SPOILER ALERT: The conclusions I reached here are wrong. Big time wrong. According to the internet there is no convergence distance (infinite) or there is a 1.3m value. That said, carry on if you want to read me babble on math …

The following text is rather dull and technical. I’m basically dissecting the projection matrix I get from the Oculus SDK in order to guess which convergence distance is being used. Making long short I found that for my setup, with the eye separation (interocular distance) of 6.5cm, the convergence distance is 4m.

This is twice as much as the classic “rule of thumb” of having a convergence distance 30x than the interocular distance.

Proceed with caution. The calculation below is based on the frustum parameters of left, right, top and bottom.

We are going to use as reference the DirectX matrix I get from the SDK. You can read about how the matrix is formed here. The following matrices were created using near = 1.0, and far = 20000.0.

Left Projection Matrix: 0.929789, 0.000000, 0.000000, 0.000000, 0.000000, 0.750974, 0.000000, 0.000000, -0.015672, -0.000000, 1.000050, 1.000000, 0.000000, 0.000000, -1.000050, 0.000000

Right Projection Matrix: 0.929789, 0.000000, 0.000000, 0.000000, 0.000000, 0.750974, 0.000000, 0.000000, 0.015672, -0.000000, 1.000050, 1.000000, 0.000000, 0.000000, -1.000050, 0.000000

What do we know?

I. 2.0 * near / (right - left) = 0.929789
II. 2.0 * near / (top - bottom) = 0.750974
III. (left + right) / (right / left) = -0.015672 (Left Eye)
IV. (left + right) / (right / left) = 0.015672 (Right Eye)

From the first line (I) we get that width (right – left) is roughly 2.15 (2.0 / 0.929789).

From the second line (II) we get that height (top – bottom) is roughly 2.66 (2.0 / 0.750974).

We know the buffer size for each eye, and they are both: 1182 x 1464. The buffer aspect ratio is 0.8, which pretty much matches what we got from the projection frustum. Moving on.

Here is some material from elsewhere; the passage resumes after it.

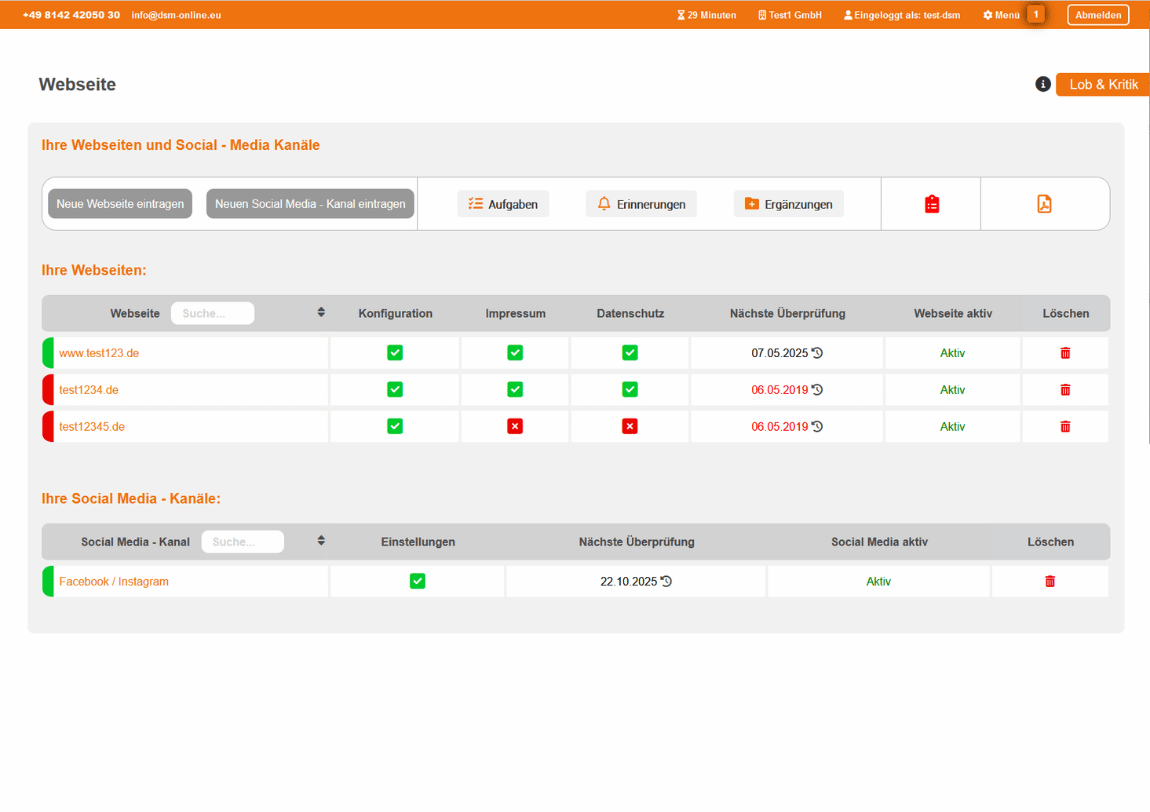 Im Modul Webseite / Online-Kanäle verwalten Sie alle datenschutzrelevanten Aspekte Ihrer Online-Auftritte – von der Webseite bis zu Social Media-Kanälen. Dokumentieren Sie den Datenschutz Ihrer Plattformen und weisen nach, dass Sie datenschutzkonform arbeiten. Zukünftig können Sie auch eigene Apps strukturiert dokumentieren.

From the third line (III) or the fourth line (IV) we need to consider the following. In a perspective projection matrix the left and right parameters of the frustum are:

left = -width / 2.0
right = width / 2.0

For the off-center (a.k.a. off-axis) projection matrix the left and right parameters are:

left = (-width / 2.0) + offset
right =(width / 2.0) + offset

Beware that the offset is positive for the left eye, and negative for the right eye. Also note that the left and right referred before refer to the frustum parameters, not the eyes.

That said, III and IV give us offset = 0.008.

Now the final twist. This part I may be doing wrong, but it’s as far as I got based on my understanding of trigonometry and frustum calculation. Basically the offset in the convergence plane of a zero-parallax is the same as half the interocular distance.

convergence_distance / (interocular_distance / 2) = near / offset

That would indicate that the convergence distance is … 4.

But since the convergence is not 4, what did go wrong? I think I can’t really actually assume that the near plane is the zero parallax plane.

So let’s just ignore this post, and wait for a more inspired one later. Internet, the place where your mistakes learning process lives forever to eventually haunt you back … So why am I posting this again?

### One Thought on “What is the convergence distance of Oculus?”

1. dfelinto Its fun to read the way your mind works, so “babble” some more, please. Especially on getting VR into the workflow early.
[Wanting to get a visor into the modeling phase– as anaglyph is tiring and hard to see verts– I’m only looking this up after a year.]